GM announced today that about 900 jobs would be added (or, importantly, retained) ahead of President Trump's arrival in Michigan, where he is expected to discuss his plan to roll back fuel economy standards. The timing of the announcement is almost certainly not coincidental, as appending it to a Trump visit gives it a higher profile and dovetails with the President's jobs agenda. It's less likely the decision itself was made for those reasons, but the free PR boost is a nice bonus.

As for those 900 jobs themselves, they aren't all new jobs.
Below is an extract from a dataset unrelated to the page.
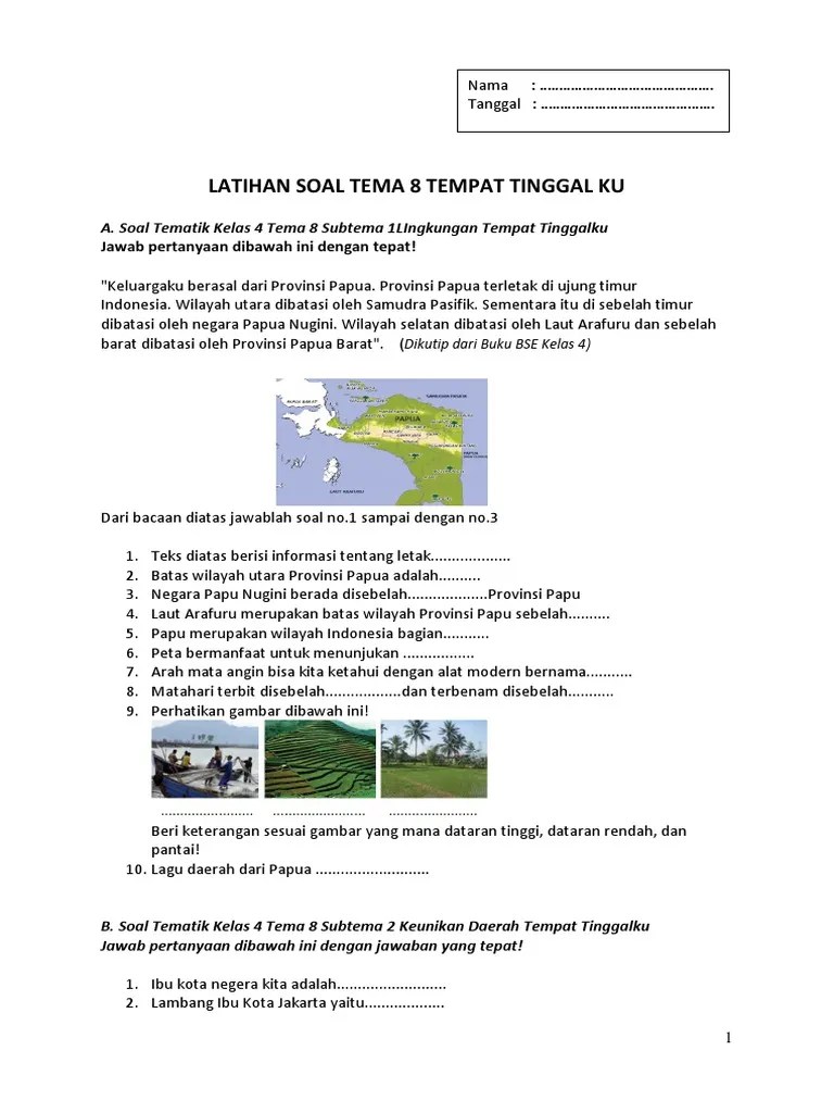 Soal ulangan harian kelas 4 tema 8 subtema 1 lingkungan tempat tinggalku terdiri dari soal pilihan ganda, soal jawaban singkat dan soal . Soal ukk kls 4 smester 2 th 2017 tema 9 sdn gununganyar 273 revisi. Indonesia kelas 4 tema tema 8 subtema 2 keunikan daerah tempat tinggalku. Soal baik essay, isian, uraian, juga pilihan ganda dan kunci jawabannya, berikut ulasan meteri latihan tematik kelas 4 tema 8 daerah tempat tinggalku . Soal kelas 4 tema 2 by airazzahrap.
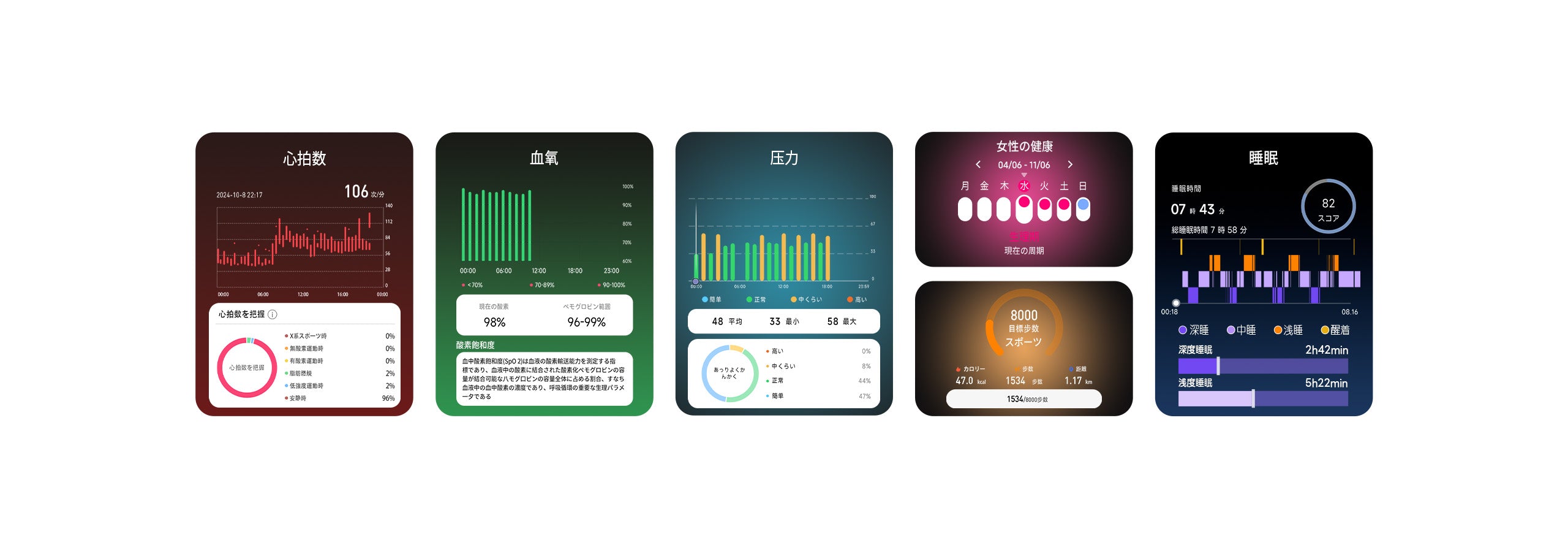 24時間心拍数、血中酸素、睡眠の質を継続的に監視

The only net gain is approximately 220 jobs at the Romulus Powertrain Plant, which produces the 10-speed automatic transmission that's proliferating through the company's lineup. The 180 jobs at Flint Assembly and 500 jobs at Lansing Delta Township are retained jobs – that is to say, spots the company found for workers who would otherwise have been laid off. By the way, the Flint jobs will help with production of heavy-duty pickups, and the Lansing jobs are to produce the Chevrolet Traverse and Buick Enclave.

Finding jobs for manufacturing workers in the auto sector, whether new or retained, is admirable. No matter how GM couches it, the company has created or retained a total of 7,000 jobs this year, and its total reinvestment in US production is around $1 billion. But these decisions are business ones, not political ones – timing the announcements to make them seem inspired by economic policy, or the political situation, is simply smart PR.